SpaceX plans to launch its giant Starship spacecraft for the second time ever this morning (November 18), and you can watch the event live.
Starship, the largest and most powerful rocket ever built, is scheduled to lift off from SpaceX’s Starbase site in south Texas today during a 20-minute window that opens at 8 a.m. EST (1300 GMT; 7 a.m. local Texas time). .
You can watch it live here on Space.com, or courtesy of SpaceX, or Directly through the company. Coverage is expected to begin at approximately 7:25 a.m. EST (1225 GMT).
Related: How to watch the launch of SpaceX’s second spacecraft on November 18
Read more: How will the second test launch of the Starship rocket work?
SpaceX is developing a Starship vehicle to carry people and cargo to the Moon and Mars, as well as perform a variety of spaceflight duties closer to home.

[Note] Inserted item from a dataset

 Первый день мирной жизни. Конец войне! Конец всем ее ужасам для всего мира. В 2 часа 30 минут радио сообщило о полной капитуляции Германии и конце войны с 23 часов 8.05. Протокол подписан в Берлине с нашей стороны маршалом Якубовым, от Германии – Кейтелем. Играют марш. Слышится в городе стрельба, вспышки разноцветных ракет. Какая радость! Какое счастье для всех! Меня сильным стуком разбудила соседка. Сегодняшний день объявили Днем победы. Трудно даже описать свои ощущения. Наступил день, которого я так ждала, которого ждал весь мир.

NASA has selected Starship as the first manned lunar lander for its Artemis program, and the vehicle has several special lunar missions on its docket as well.

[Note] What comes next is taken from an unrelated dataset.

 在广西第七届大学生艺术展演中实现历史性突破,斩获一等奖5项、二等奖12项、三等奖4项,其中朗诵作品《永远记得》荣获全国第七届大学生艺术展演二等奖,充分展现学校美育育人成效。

The roughly 400-foot-tall (122-meter) vehicle consists of two components, both of which are designed to be fully and rapidly reusable — a first stage booster called Super Heavy and a 165-foot (50-meter) upper stage known as the Starship.
The pair have flown together only once so far, on a test flight that launched from Starbase on April 20. The mission aims to send the upper stage partially around the Earth, ending with a landing in the Pacific Ocean near Hawaii. But Starship’s two stages failed to separate as planned, and SpaceX intentionally destroyed the vehicle high above the Gulf of Mexico.

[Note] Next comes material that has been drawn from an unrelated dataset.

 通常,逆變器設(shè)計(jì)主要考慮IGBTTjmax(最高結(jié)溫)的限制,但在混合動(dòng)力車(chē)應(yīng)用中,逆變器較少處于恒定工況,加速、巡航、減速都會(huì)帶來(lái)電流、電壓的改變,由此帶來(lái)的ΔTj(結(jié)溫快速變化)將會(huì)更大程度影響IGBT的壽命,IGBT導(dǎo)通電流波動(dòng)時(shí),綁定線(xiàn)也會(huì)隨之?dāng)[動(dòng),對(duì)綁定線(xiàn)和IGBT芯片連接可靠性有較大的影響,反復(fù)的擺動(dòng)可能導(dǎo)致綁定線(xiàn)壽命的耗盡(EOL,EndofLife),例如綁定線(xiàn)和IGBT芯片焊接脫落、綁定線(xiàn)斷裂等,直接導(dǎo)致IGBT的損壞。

Related: Stunning photos of SpaceX’s first spacecraft launch
Saturday’s test flight will be a repeat of the April mission, trying to accomplish what that first flight couldn’t.
If all goes according to plan, the Super Heavy vehicle will land in the Gulf of Mexico about seven minutes after launch. Meanwhile, the spacecraft will head east over the ocean, reach near orbital velocity, then touch down in the Pacific Ocean near Hawaii about 90 minutes after liftoff.
The launch was originally supposed to take place on Saturday (November 17), but SpaceX delayed things by a day to replace one of the Super Heavy’s grid fins. These reinforced iron-shaped structures help the ship return to Earth after launch.